As a non-fiction title, this counts for the Dewey Decimal Challenge. Thanks to Jen at The Introverted Reader for hosting!

*I do share a lot of vegetarian and vegan recipes, but I hope I’ve always made it clear that I do eat a small amount of meat and fish. In fact, since I don’t eat a lot of meat, I go out of my way to enjoy what I do eat, by making sure it’s of high quality (usually organic) and sustainable, which is why this book was so interesting to me.

**An America
n pig breed that is apparently related to the original pigs left by the Spanish conquistadors and early missionaries. And also apparently, as Alton Brown might say, good eats.


  1. I'm not a huge fan of pork (unless it's bacon), so I don't think I'll be reading this, but I'm glad you got something out of it! My husband is amazed that from our trip to Spain, my favorite story is talking about the "disgusting" pig legs hanging over the bar counters. He was in heaven, I was trying not to look! That was a little too much of a reminder about where my food actually comes from!

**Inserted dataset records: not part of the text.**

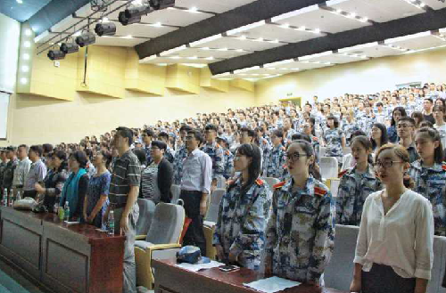 9月4日上午10时,外国语学院2017年迎新暨军训动员大会在扬子津校区昭文馆报告厅举行。学院党委书记刘胜乐、院长王金铨、副院长于建华、缪海涛、丁晓丽,人武部副部长周佳正出席,院党委副书记崔益军主持会议,系部主任、教师代表、行政人员、2017级新生班主任及全体2017级新生参加。
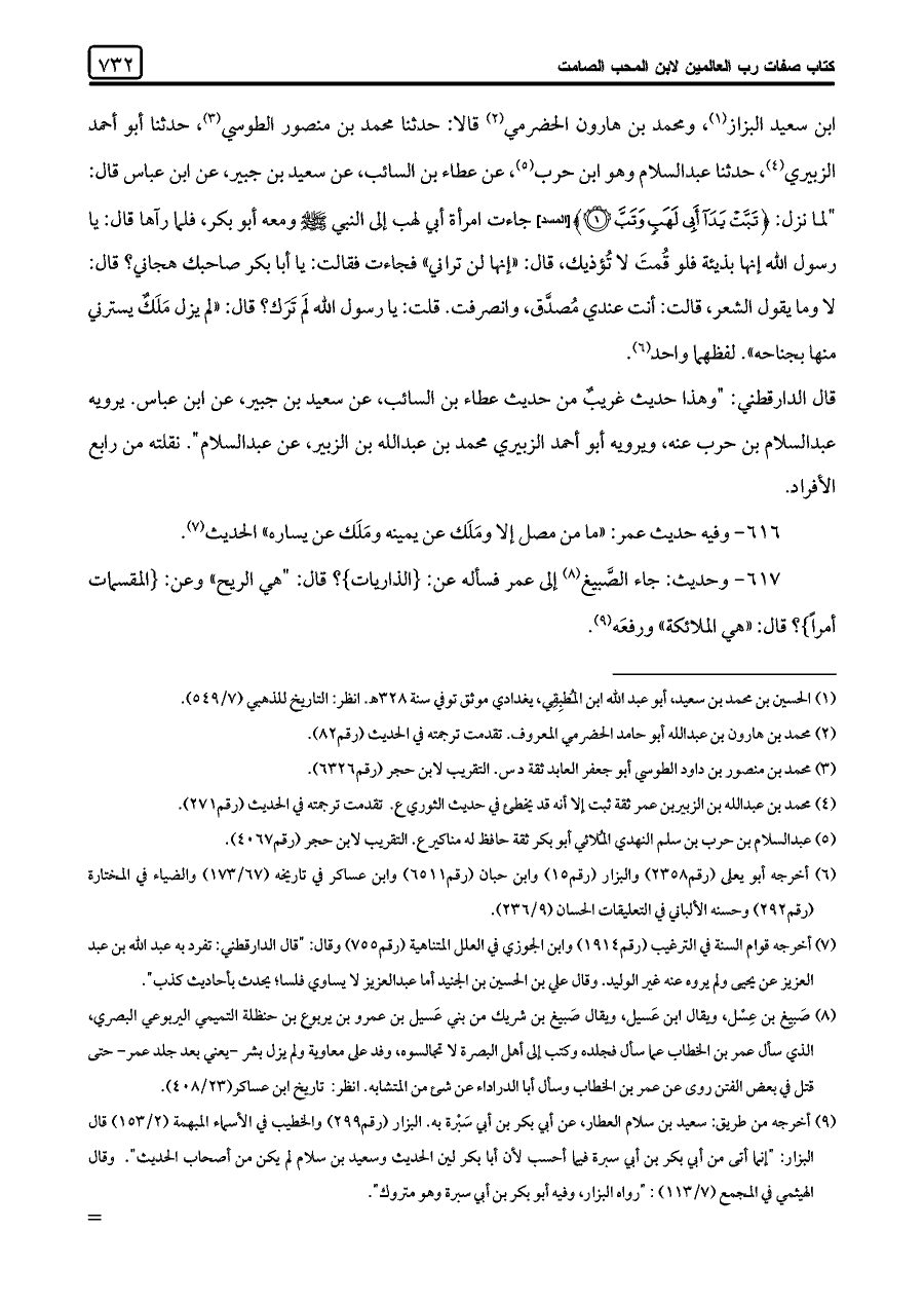 بن سعيد البزاز (¬١)، ومحمد بن هارون الحضرمي (¬٢) قالا: حدثنا محمد بن منصور الطوسي (¬٣)، حدثنا أبو أحمد الزبيري (¬٤)، حدثنا عبد السلام وهو ابن حرب (¬٥)، عن عطاء بن السائب، عن سعيد بن جبير، عن ابن عباس قال: "لما نزل: {تَبَّتْ يَدَا أَبِي لَهَبٍ وَتَبَّ (١)} [المسد] جاءت امرأة أبي لهب إلى النبي -صلى اللَّه عليه وسلم- ومعه أبو بكر، فلما رآها قال: يا رسول اللَّه إنها بذيئة فلو قُمتَ لا تُؤذيك، قال: "إنها لن تراني" فجاءت فقالت: يا أبا بكر صاحبك هجاني؟ قال: لا وما يقول الشعر، قالت: أنت عندي مُصدَّق، وانصرفت. قلت: يا رسول اللَّه لَمَ تَرَك؟ قال: "لم يزل مَلَكٌ يسترني منها بجناحه". لفظهما واحد (¬٦).
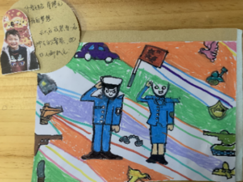 活动后,孩子们用自己擅长的方式,描绘出自己心目中的警察,为警察送上一份自己的心意。在孩子们小小的世界里,最大的英雄就是警察。通过活动在孩子们幼小的心灵种下了理想的种子,期待一颗颗正义善良的种子慢慢发芽、茁壮成长!
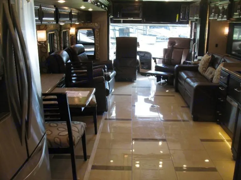 Newmar Mountain Aire 4519 Bath and a Triple Slide. Immaculate condition, stored indoors, no smoking, no pets. Freightliner Chassis, Cummins 500HP ISX engine, Allison 4000 6 Speed Transmission, 12.5kW Onan diesel generator, 8AGM Batteries, 50-AMP Service, 3000 Watt Inverter, SilverLeaf Multiplex Electrical Management System, Oasis Hydronic Continuous Hot Water and Interior Heat Management System, 3 AC Units, Valid Active Air Leveling Control System, Comfort Drive Steering System, In-Dash Navigation System. Spacious full-wall slide plus two additional slides. Auto Hydraulic Leveling Jacks, Upgraded Girard Nova Power Awnings with LED Lighting, LED Lights Under Driverside Slideouts, Winegard Rayzar Auto Antenna, DirecTV Satellite Dish, and Exterior Entertainment Center. Flexsteel Ultralux Leather Sofas and Front Seats. Heated Front Seats with Power Lumbar, Recline, Footrests and Queen Sized Passenger Seat. Carmel Glaze Cherry Cabinets, Radiant Heat Tile Floors, Power Day and Night Shades, Whirlpool Washer and Dryer, Whirlpool Refrigerator, Induction Cook Top plus Convection/Microwave Oven, Central Vacuum, Dishwasher, Combo Dinette w/Buffet Table, King Sleep Number Premier Mattress, Sleeper Sofa with Queen Air Mattress, RV Sanicon System.

  2. You got more out of this one than me - I was going to apologize for suggesting it! But I see you had some of the same complaints I did about it. You pick the next title! And if you want great pork, Niman Ranch is always good if you can get it, and DON'T MISS Snake River farms either (they mail-order!)

  3. Hi!
    I've been wanting to read this book. Thanks for the heads up on it. I have read all of Michael Pollen's books and have enjoyed them. Thanks for stopping by my place. Have a great day!

    Just Books

  4. This does sound like a fascinating book. I do think a list of resources would have made a great addition. I try to be a careful consumer and have been lucky enough to discover a small, organic farmer near me, but not everyone is.

  5. Jen -- My children still talk about El Museo de Jamon in Madrid -- they thought it was the most amazing concept ever, so I totally understand your fascination!

    Jess -- I didn't love it, but I was certainly sympathetic. I agree with your review -- the writing was flat. If only he'd managed to make the Ossabaw story more critical, somehow!

    Sherrie -- I think I may finally join the Foodie Challenge. I noticed it again on your site, and I read so many food titles and cookbooks anyway, I thought I should just do it.

    Bermudaonion -- You really are lucky. We've been looking, and there is one farm close to here. I hope to talk my husband into a freezer this summer!

  6. Well I love bacon so I think I need to read this!

  7. Amused -- Bacon is probably the main reason I could never commit to being a vegetarian, I have to admit it.